*WORK TASK*
Make an exact copy of the records that follow, with each picture omitted.

*RECORDS SHOWN*
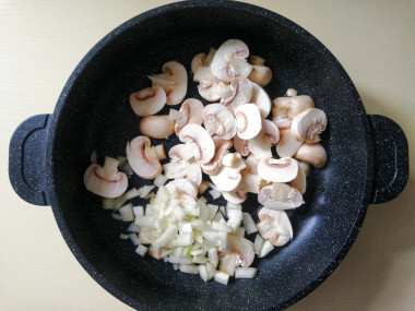 После чеснока выложите в сковороду нарезанный лук и грибы и обжаривайте все вместе 3-4 минуты.
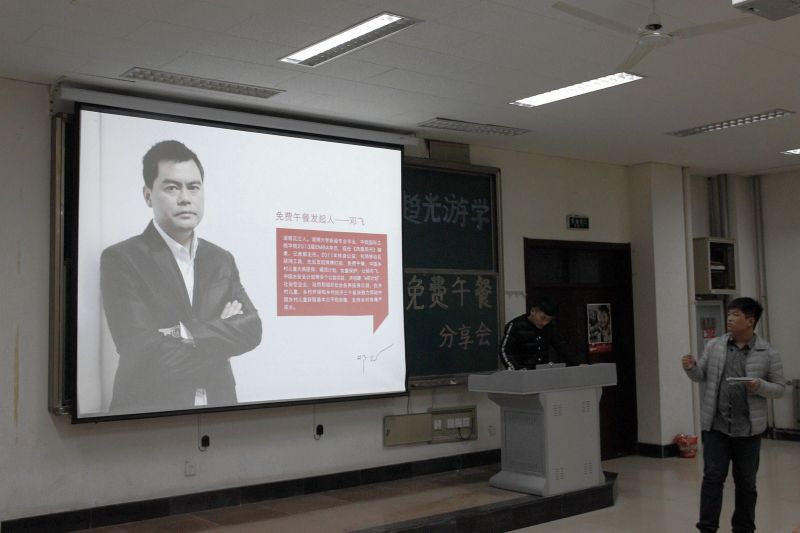 晚六点半,分享会在免费午餐宣传片的播放中准时开始。首先,2014级星火志愿者协会负责人马煜杰发表讲话。在讲话中,他汇报了有关免费午餐活动的情况:截止到此次分享会开始之前,已共筹集到1520.2元钱,大约能为500名贫困山区的孩子提供午餐。同时,他对所有为本次活动尽力筹备、尽心宣传的工作人员和热心捐款的同学表示了衷心的感谢。随后,张珺雷向大家进一步介绍了免费午餐活动的创始、概况和执行方法。他介绍道,免费午餐是由邓飞等500多名记者和国内数十家主流媒体联合中国社会福利基金会发起的免费午餐基金公募计划,它吸引众多爱心人士共同致力于帮助那些因家庭贫困而无法享受营养午餐的学生。随后他讲述了自己大一到云南支教的经历,正是这次珍贵的支教经历使他感受到,每个志愿者都是一滴水,但汇聚起来便是一条河,甚至一片海。他呼吁大家,只要每个人都能用爱心包围温暖,去一点一滴地积攒,这份免费午餐便会得到持续的传递,公益与爱的力量终会得到最美的绽放。最后,张珺雷向大家分享了“趋光计划”。在简单介绍趋光游学筹备组成员后,他热情分享了自己从北京到天津的徒步游学经历,并鼓励广大同学积极参与“趋光计划”、“寻光之旅”,从中体会坚持与互助,学到课堂以外的种种,找到真正的自我,唱出属于自己的主旋律。
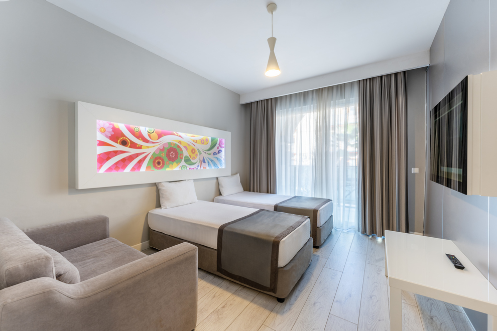 Standard Room в Garden Block - 1 двойно и 1 единично легло, площ 26 кв.м, максимално настаняване 3 възрастни или 2 + 1 дете
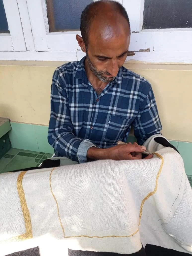 This modern, geometric tapestry has been ethically hand-embroidered by artisans in Kashmir, India, using a traditional embroidery technique that is native to this region.
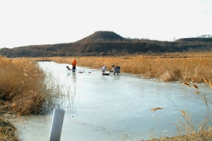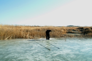 | 살얼음이 바로 바로 구멍에 잡힙니다. |
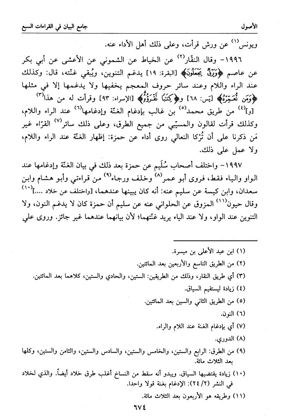 1997 - واختلف أصحاب سليم عن حمزة بعد ذلك في بيان الغنّة وإدغامها عند الواو والياء فقط، فروى أبو عمر «8» وخلف ورجاء «9» من قراءتي وأبو هشام وابن سعدان، وابن كيسة عن سليم عنه: أنه كان يبينها عندهما، [واختلف عن خلاد .... ] «10»
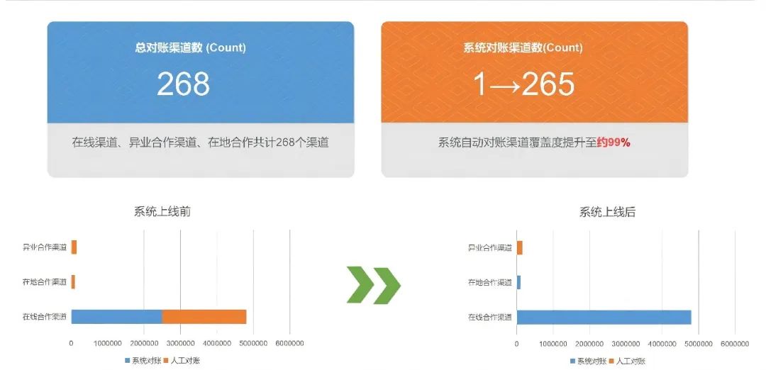 在线渠道、异业合作渠道、在地合作共计268个渠道,构建完整的结算规则体系,自动根据预置规则生成我方账单数据;自动获取部分渠道的三方账单;完成双方数据自动对账,系统自动对账渠道覆盖度提升至约99%,并引入消息通知、工作流等功能逻辑,实现业财联动,快速响应新业务的交易结算及数据分析需求。
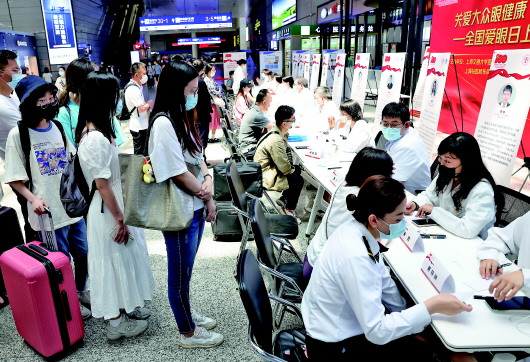 旅客在上海虹桥火车站候车大厅等待咨询义诊医生。在第26个全国爱眼日,上海交大医学院附属第九人民医院眼科党支部与虹桥火车站党总支联合开展义诊活动,眼科专家现场为旅客提供义诊、眼部检查和眼健康科学知识宣讲等服务。新华社记者陈飞摄

*EXERCISE OUTPUT*
 После чеснока выложите в сковороду нарезанный лук и грибы и обжаривайте все вместе 3-4 минуты.
 晚六点半,分享会在免费午餐宣传片的播放中准时开始。首先,2014级星火志愿者协会负责人马煜杰发表讲话。在讲话中,他汇报了有关免费午餐活动的情况:截止到此次分享会开始之前,已共筹集到1520.2元钱,大约能为500名贫困山区的孩子提供午餐。同时,他对所有为本次活动尽力筹备、尽心宣传的工作人员和热心捐款的同学表示了衷心的感谢。随后,张珺雷向大家进一步介绍了免费午餐活动的创始、概况和执行方法。他介绍道,免费午餐是由邓飞等500多名记者和国内数十家主流媒体联合中国社会福利基金会发起的免费午餐基金公募计划,它吸引众多爱心人士共同致力于帮助那些因家庭贫困而无法享受营养午餐的学生。随后他讲述了自己大一到云南支教的经历,正是这次珍贵的支教经历使他感受到,每个志愿者都是一滴水,但汇聚起来便是一条河,甚至一片海。他呼吁大家,只要每个人都能用爱心包围温暖,去一点一滴地积攒,这份免费午餐便会得到持续的传递,公益与爱的力量终会得到最美的绽放。最后,张珺雷向大家分享了“趋光计划”。在简单介绍趋光游学筹备组成员后,他热情分享了自己从北京到天津的徒步游学经历,并鼓励广大同学积极参与“趋光计划”、“寻光之旅”,从中体会坚持与互助,学到课堂以外的种种,找到真正的自我,唱出属于自己的主旋律。
 Standard Room в Garden Block - 1 двойно и 1 единично легло, площ 26 кв.м, максимално настаняване 3 възрастни или 2 + 1 дете
 This modern, geometric tapestry has been ethically hand-embroidered by artisans in Kashmir, India, using a traditional embroidery technique that is native to this region.
 | 살얼음이 바로 바로 구멍에 잡힙니다. |
 1997 - واختلف أصحاب سليم عن حمزة بعد ذلك في بيان الغنّة وإدغامها عند الواو والياء فقط، فروى أبو عمر «8» وخلف ورجاء «9» من قراءتي وأبو هشام وابن سعدان، وابن كيسة عن سليم عنه: أنه كان يبينها عندهما، [واختلف عن خلاد .... ] «10»
 在线渠道、异业合作渠道、在地合作共计268个渠道,构建完整的结算规则体系,自动根据预置规则生成我方账单数据;自动获取部分渠道的三方账单;完成双方数据自动对账,系统自动对账渠道覆盖度提升至约99%,并引入消息通知、工作流等功能逻辑,实现业财联动,快速响应新业务的交易结算及数据分析需求。
 旅客在上海虹桥火车站候车大厅等待咨询义诊医生。在第26个全国爱眼日,上海交大医学院附属第九人民医院眼科党支部与虹桥火车站党总支联合开展义诊活动,眼科专家现场为旅客提供义诊、眼部检查和眼健康科学知识宣讲等服务。新华社记者陈飞摄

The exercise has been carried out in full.